Bank of America has identified Tesla, General Motors, and Ford as key U.S. auto sector holdings, citing improving margins, EV transition momentum, and resilient demand. The recommendations come as automakers navigate a complex landscape of rising competition and shifting consumer preferences.
- Bank of America recommends TSLA, GM, and F as top U.S. auto stocks for 2026
- Tesla projected to achieve 25% growth in global EV deliveries by 2026
- GM and Ford expect 15% reduction in EV production costs through battery partnerships
- TSLA’s adjusted EBITDA margin forecasted at 22% by 2026
- GM and F projected non-GAAP operating margins of 8.5% and 9.3% in 2026
- Recommendations reflect improved profitability and EV transition progress
Bank of America has issued a targeted bullish outlook on three major U.S. automakers—Tesla (TSLA), General Motors (GM), and Ford (F)—recommending them as core positions within the consumer discretionary sector.
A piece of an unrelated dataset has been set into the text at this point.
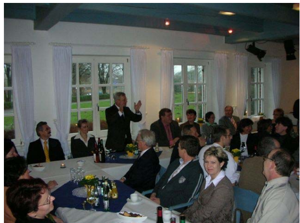
Le traditionnel repas de toutes les délégations

The firm emphasized improving operational efficiency, strong balance sheets, and strategic execution in electric vehicle (EV) production as key drivers behind the picks. The recommendation underscores a broader reassessment of the auto industry’s recovery potential. Tesla, despite recent share price volatility, is highlighted for its lead in battery technology and software integration, with analysts projecting a 25% increase in global EV deliveries by 2026. GM and Ford are noted for their aggressive investments in EV platforms and partnerships, including GM’s Ultium battery initiative and Ford’s collaboration with SK On, which have led to a 15% reduction in production costs for upcoming battery-electric models. Financial metrics support the outlook: TSLA’s adjusted EBITDA margin is expected to expand to 22% in 2026, up from 18% in 2024, while GM and F are projected to achieve non-GAAP operating margins of 8.5% and 9.3%, respectively, by next year—levels not seen since 2021. These figures reflect improved cost control and pricing power in a market where demand remains stable despite macroeconomic headwinds. The move is likely to influence asset allocation in equity portfolios focused on the automotive and consumer discretionary sectors. Institutional investors and retail traders may increase exposure to these names, particularly in the context of rising interest in sustainable transportation and U.S. manufacturing resilience. However, risks remain, including global trade tensions, lithium price fluctuations, and slower-than-expected EV adoption in certain regions.